It’s that time of year again where everyone on your feed starts to share their streaming habits with their Spotify Wrapped posts, meaning we’ve got another year of data crunched from the streaming giants. And apparently, Tones and I has made a bloody motza off everyone streaming her tracks, specifically Dance Monkey.

Earlier this year, Dance Monkey hit over 1 billion streams on Spotify, and at the time of writing has just about cracked the 2 billion mark (it’s currently sitting on 1,964,868,292). And that’s only on one streaming platform.

With that number of streams online since the track was dropped back in May 2019, The Daily Mail reports that she’s now earned over $12 million off that one song alone.

I took the liberty of punching in Tones’ streaming numbers into TuneMunk – a calculator that converts stream numbers into a rough estimation of how much royalties are expected.
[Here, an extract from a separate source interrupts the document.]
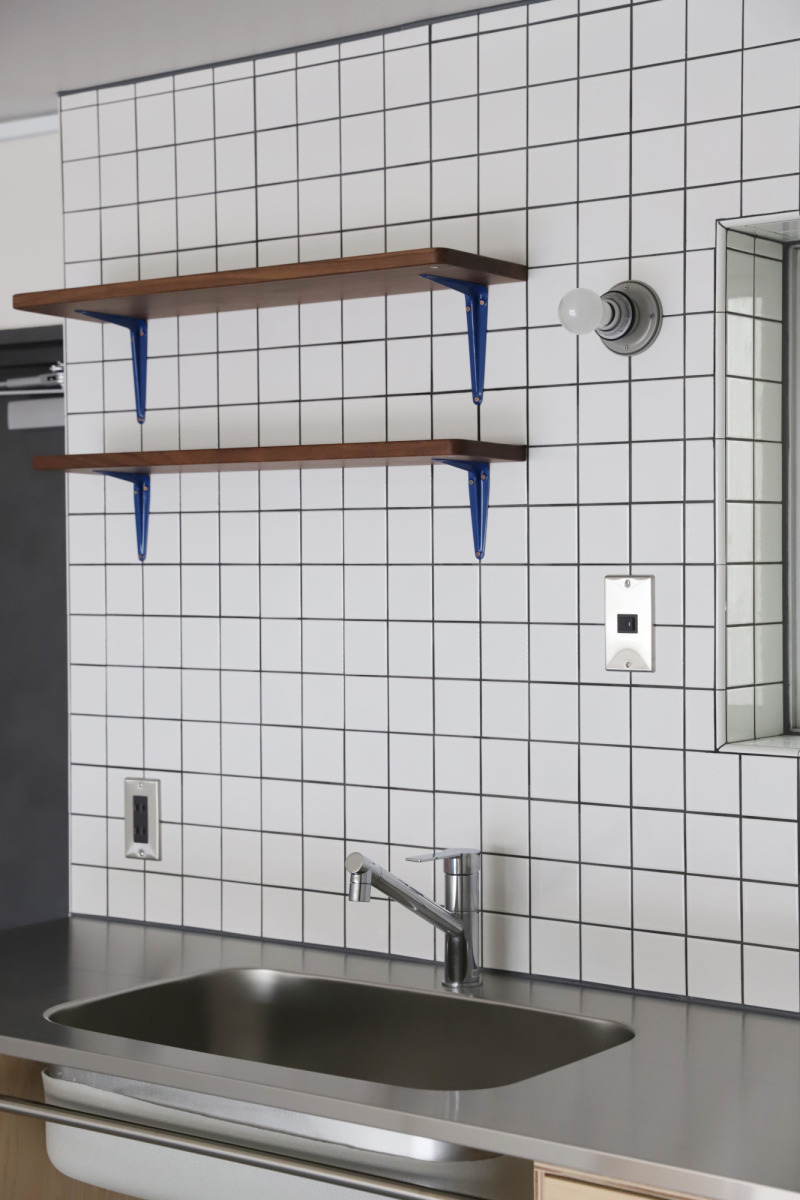 カラー塗装したブラケットと『フリーカット無垢材 ウォルナット』の組み合わせ。下段は目線の高さになるので奥行きを狭めて、キッチンに立ったときの圧迫感を軽減しています。

Chucking in the Spotify stream number for Dance Monkey, it gave me a value of $7,859,473.168. Assuming that’s spat out in United States dollars, I popped that number through a currency converter, which gave me $10,618,753.43.

Not quite the $12million from Spotify that the Daily Mail came up with here, but god damn it’s still a shitload of money. May I stress that this is just one song on one streaming platform? The full total is absolutely much higher once you consider Apple Music, Deezer, YouTube, and everywhere else Tones and I has her tracks.

The number boffins over at Spotify have declared that Dance Monkey has kept its spot in the most-streamed Aussie songs of the year – as well as Tones and I picking up the silver for Never Seen The Rain. She also copped the #2 most-streamed track globally with Dance Monkey.

A pretty solid effort from this year, if you ask me.

It’s entirely unsurprising that Tones and I is very much in the Forbes 30 Under 30 for Entertainment and Sports in Asia-Pacific this year, what with that delicious pay packet some two years after literally busking on the streets of Byron Bay. Now it’s a matter of time before we find out if she’s kept her spot on the 2021 list for the Asia-Pacific region.